Source records:
"""

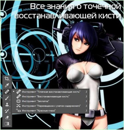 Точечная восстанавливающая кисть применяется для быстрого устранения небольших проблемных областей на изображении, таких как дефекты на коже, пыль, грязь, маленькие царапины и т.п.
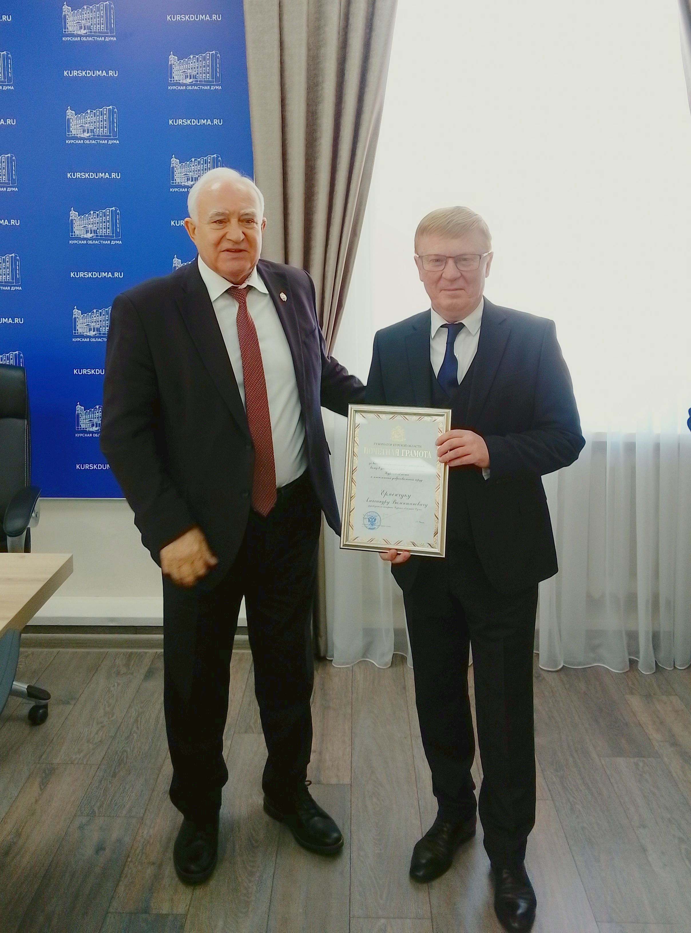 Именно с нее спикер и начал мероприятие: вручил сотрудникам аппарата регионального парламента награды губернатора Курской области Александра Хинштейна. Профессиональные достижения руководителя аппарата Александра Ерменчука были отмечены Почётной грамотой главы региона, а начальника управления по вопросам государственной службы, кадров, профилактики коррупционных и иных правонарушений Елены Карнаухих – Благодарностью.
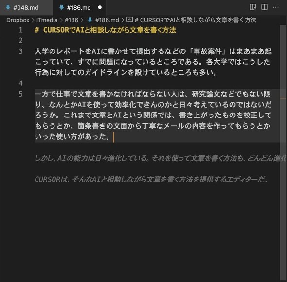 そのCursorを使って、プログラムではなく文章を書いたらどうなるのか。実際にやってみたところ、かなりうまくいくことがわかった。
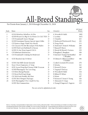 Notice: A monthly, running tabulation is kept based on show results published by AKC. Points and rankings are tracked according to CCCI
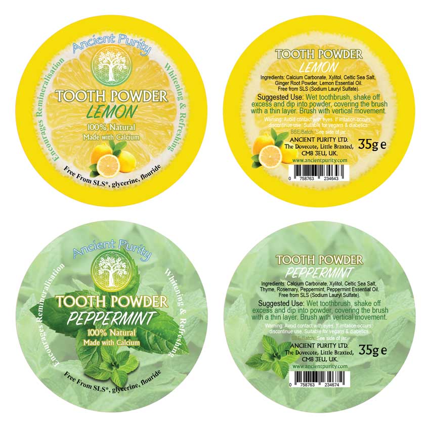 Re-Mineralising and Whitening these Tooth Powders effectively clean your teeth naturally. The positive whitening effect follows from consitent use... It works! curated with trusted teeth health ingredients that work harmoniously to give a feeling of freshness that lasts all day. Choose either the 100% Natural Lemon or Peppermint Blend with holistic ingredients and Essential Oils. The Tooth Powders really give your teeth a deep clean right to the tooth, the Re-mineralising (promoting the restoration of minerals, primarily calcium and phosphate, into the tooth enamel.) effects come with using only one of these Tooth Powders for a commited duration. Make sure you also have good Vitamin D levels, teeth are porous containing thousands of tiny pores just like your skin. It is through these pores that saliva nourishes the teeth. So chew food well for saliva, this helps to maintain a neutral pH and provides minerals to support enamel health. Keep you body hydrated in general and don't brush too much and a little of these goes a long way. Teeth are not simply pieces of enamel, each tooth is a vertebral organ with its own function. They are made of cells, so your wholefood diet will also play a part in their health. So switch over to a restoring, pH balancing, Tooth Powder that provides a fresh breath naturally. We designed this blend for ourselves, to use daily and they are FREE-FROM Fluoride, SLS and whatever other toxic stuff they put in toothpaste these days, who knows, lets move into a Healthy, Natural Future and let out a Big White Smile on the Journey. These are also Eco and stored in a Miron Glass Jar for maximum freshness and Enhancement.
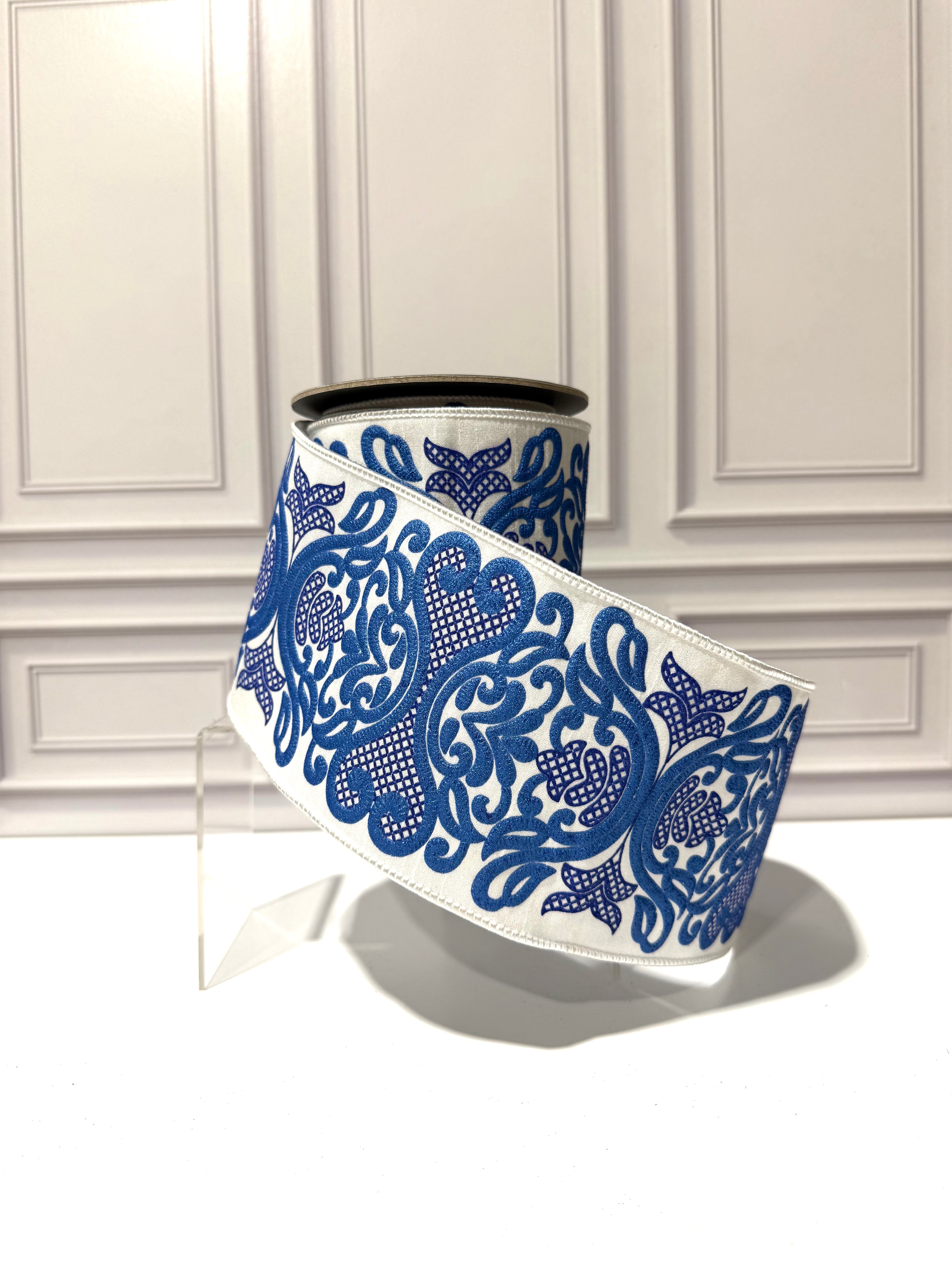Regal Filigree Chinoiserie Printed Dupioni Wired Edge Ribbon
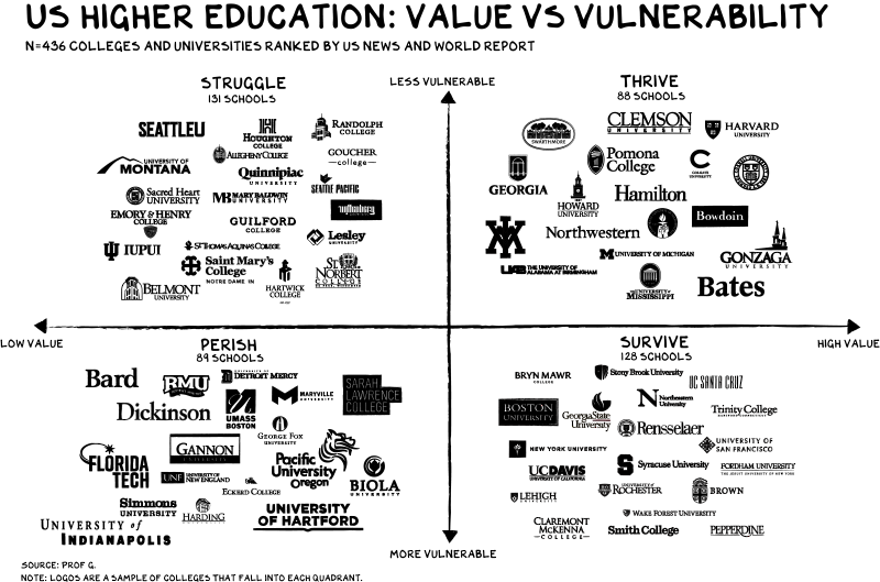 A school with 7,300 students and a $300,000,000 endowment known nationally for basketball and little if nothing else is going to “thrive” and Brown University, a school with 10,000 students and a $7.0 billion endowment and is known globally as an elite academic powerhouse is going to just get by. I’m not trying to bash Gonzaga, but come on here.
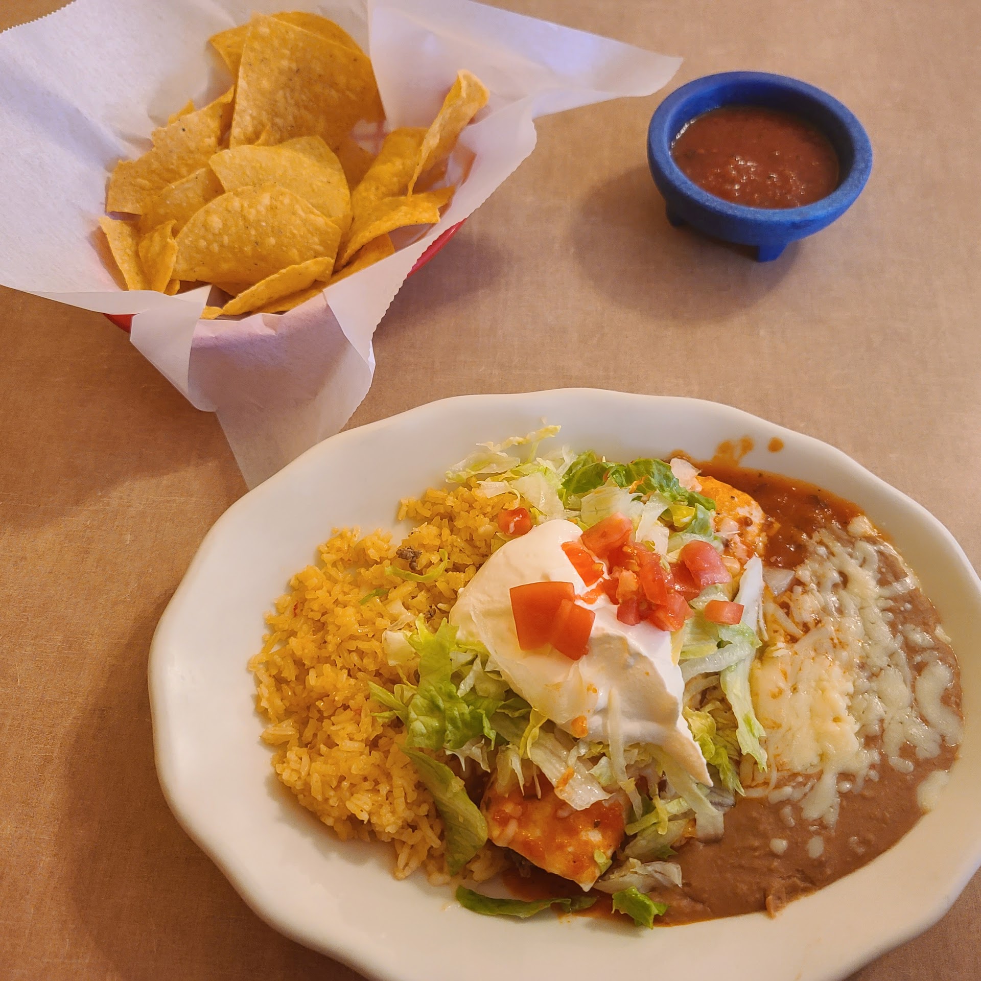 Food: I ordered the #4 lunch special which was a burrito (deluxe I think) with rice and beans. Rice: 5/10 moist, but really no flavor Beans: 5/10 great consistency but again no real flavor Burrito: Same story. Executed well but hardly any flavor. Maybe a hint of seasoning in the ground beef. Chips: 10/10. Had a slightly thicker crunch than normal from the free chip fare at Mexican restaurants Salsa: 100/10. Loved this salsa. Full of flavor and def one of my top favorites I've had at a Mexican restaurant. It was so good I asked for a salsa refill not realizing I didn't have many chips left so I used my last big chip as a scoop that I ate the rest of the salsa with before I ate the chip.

"""

Word for word, quote the lines above. Omit the pictures.

 Точечная восстанавливающая кисть применяется для быстрого устранения небольших проблемных областей на изображении, таких как дефекты на коже, пыль, грязь, маленькие царапины и т.п.
 Именно с нее спикер и начал мероприятие: вручил сотрудникам аппарата регионального парламента награды губернатора Курской области Александра Хинштейна. Профессиональные достижения руководителя аппарата Александра Ерменчука были отмечены Почётной грамотой главы региона, а начальника управления по вопросам государственной службы, кадров, профилактики коррупционных и иных правонарушений Елены Карнаухих – Благодарностью.
 そのCursorを使って、プログラムではなく文章を書いたらどうなるのか。実際にやってみたところ、かなりうまくいくことがわかった。
 Notice: A monthly, running tabulation is kept based on show results published by AKC. Points and rankings are tracked according to CCCI
 Re-Mineralising and Whitening these Tooth Powders effectively clean your teeth naturally. The positive whitening effect follows from consitent use... It works! curated with trusted teeth health ingredients that work harmoniously to give a feeling of freshness that lasts all day. Choose either the 100% Natural Lemon or Peppermint Blend with holistic ingredients and Essential Oils. The Tooth Powders really give your teeth a deep clean right to the tooth, the Re-mineralising (promoting the restoration of minerals, primarily calcium and phosphate, into the tooth enamel.) effects come with using only one of these Tooth Powders for a commited duration. Make sure you also have good Vitamin D levels, teeth are porous containing thousands of tiny pores just like your skin. It is through these pores that saliva nourishes the teeth. So chew food well for saliva, this helps to maintain a neutral pH and provides minerals to support enamel health. Keep you body hydrated in general and don't brush too much and a little of these goes a long way. Teeth are not simply pieces of enamel, each tooth is a vertebral organ with its own function. They are made of cells, so your wholefood diet will also play a part in their health. So switch over to a restoring, pH balancing, Tooth Powder that provides a fresh breath naturally. We designed this blend for ourselves, to use daily and they are FREE-FROM Fluoride, SLS and whatever other toxic stuff they put in toothpaste these days, who knows, lets move into a Healthy, Natural Future and let out a Big White Smile on the Journey. These are also Eco and stored in a Miron Glass Jar for maximum freshness and Enhancement.
Regal Filigree Chinoiserie Printed Dupioni Wired Edge Ribbon
 A school with 7,300 students and a $300,000,000 endowment known nationally for basketball and little if nothing else is going to “thrive” and Brown University, a school with 10,000 students and a $7.0 billion endowment and is known globally as an elite academic powerhouse is going to just get by. I’m not trying to bash Gonzaga, but come on here.
 Food: I ordered the #4 lunch special which was a burrito (deluxe I think) with rice and beans. Rice: 5/10 moist, but really no flavor Beans: 5/10 great consistency but again no real flavor Burrito: Same story. Executed well but hardly any flavor. Maybe a hint of seasoning in the ground beef. Chips: 10/10. Had a slightly thicker crunch than normal from the free chip fare at Mexican restaurants Salsa: 100/10. Loved this salsa. Full of flavor and def one of my top favorites I've had at a Mexican restaurant. It was so good I asked for a salsa refill not realizing I didn't have many chips left so I used my last big chip as a scoop that I ate the rest of the salsa with before I ate the chip.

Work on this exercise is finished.